DIRECTIONS FOR THIS TASK:
Through the line with "Färskare blir det inte..." and starting from the first line, return the records below word for word, with pictures left out.

(Stored items from a collection)
☆ ☆ ☆ ☆ ☆ ☆ ☆

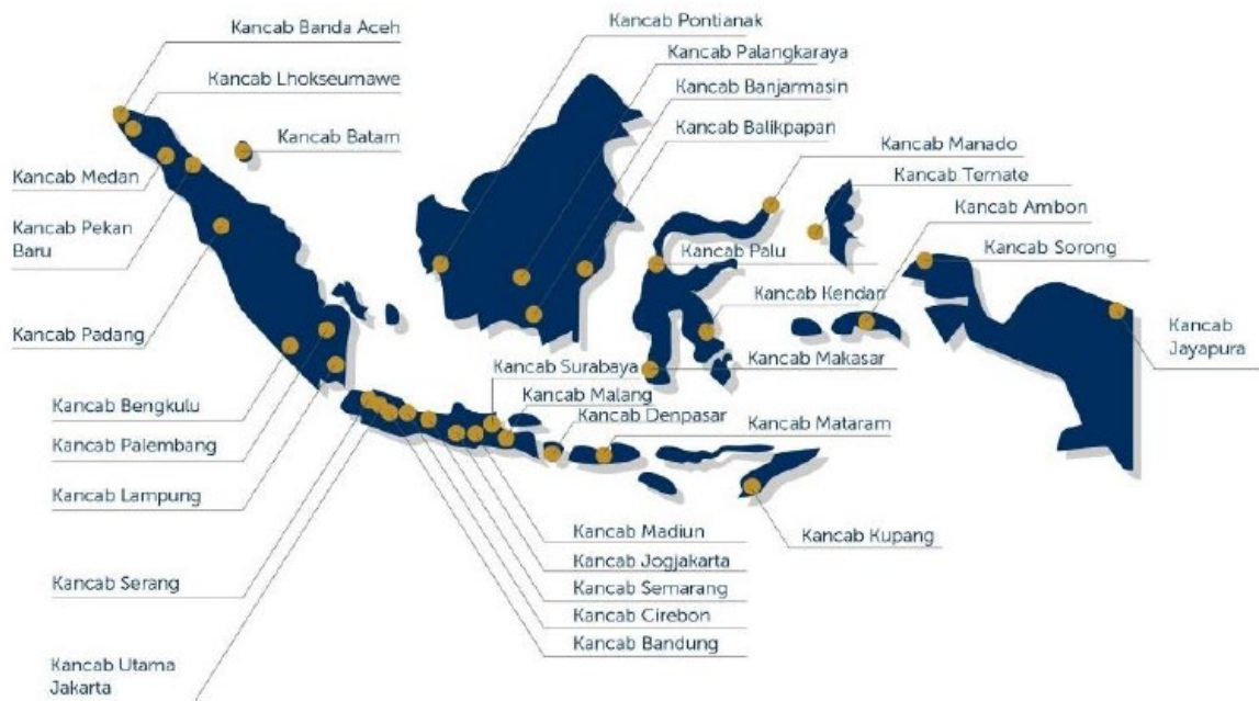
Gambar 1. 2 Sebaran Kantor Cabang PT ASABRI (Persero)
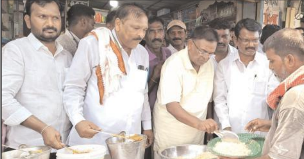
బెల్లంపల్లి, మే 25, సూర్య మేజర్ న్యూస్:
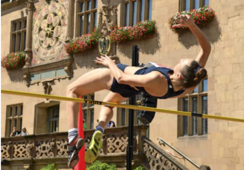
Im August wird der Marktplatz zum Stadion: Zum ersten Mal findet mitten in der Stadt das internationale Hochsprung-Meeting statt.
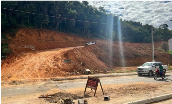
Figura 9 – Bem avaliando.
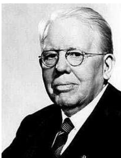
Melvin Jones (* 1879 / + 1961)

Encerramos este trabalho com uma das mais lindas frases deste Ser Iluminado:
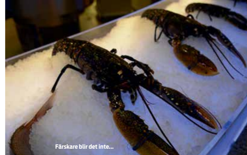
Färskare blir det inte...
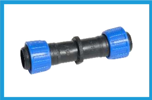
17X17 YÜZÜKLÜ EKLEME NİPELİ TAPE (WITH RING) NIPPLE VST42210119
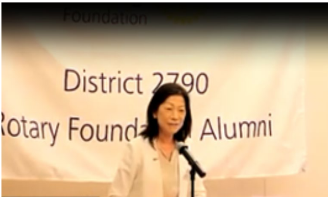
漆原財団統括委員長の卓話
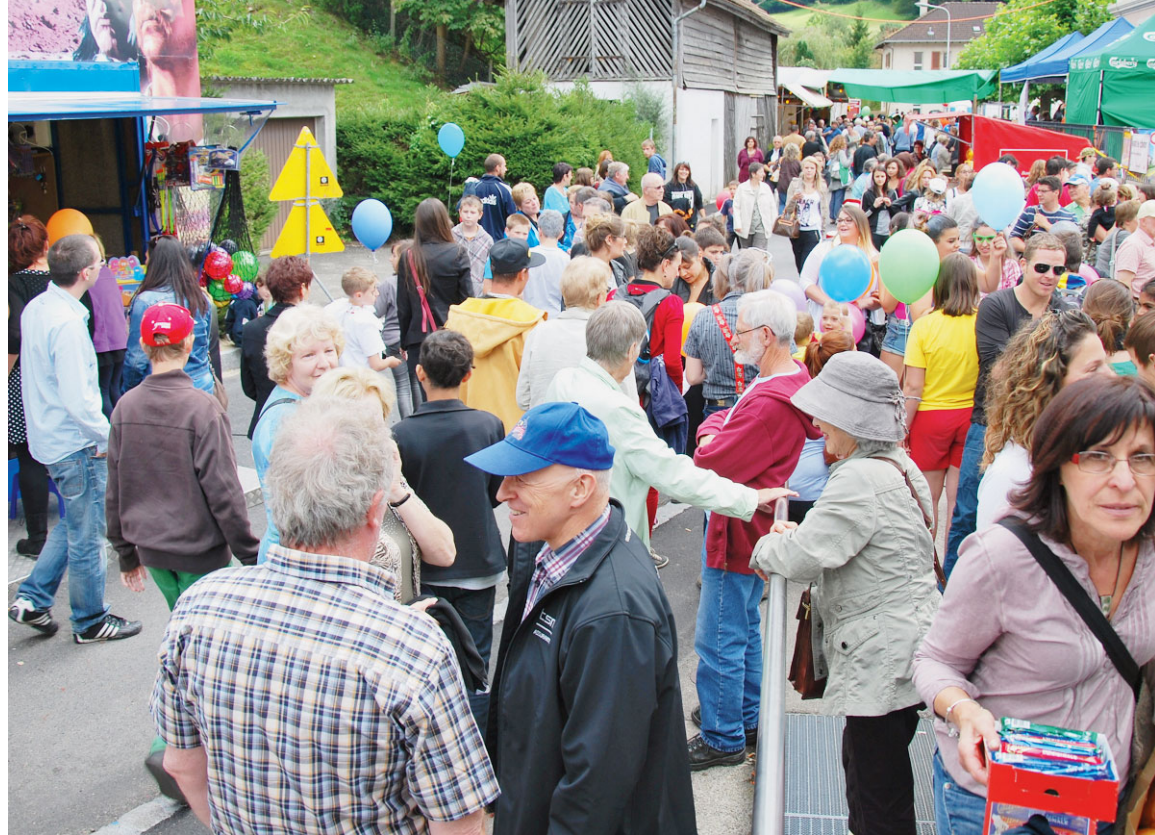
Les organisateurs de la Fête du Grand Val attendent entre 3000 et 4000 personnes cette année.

☆ ☆ ☆ ☆ ☆ ☆ ☆

OUTPUT FOR THIS TASK:
Gambar 1. 2 Sebaran Kantor Cabang PT ASABRI (Persero)
బెల్లంపల్లి, మే 25, సూర్య మేజర్ న్యూస్:
Im August wird der Marktplatz zum Stadion: Zum ersten Mal findet mitten in der Stadt das internationale Hochsprung-Meeting statt.
Figura 9 – Bem avaliando.
Melvin Jones (* 1879 / + 1961)

Encerramos este trabalho com uma das mais lindas frases deste Ser Iluminado:
Färskare blir det inte...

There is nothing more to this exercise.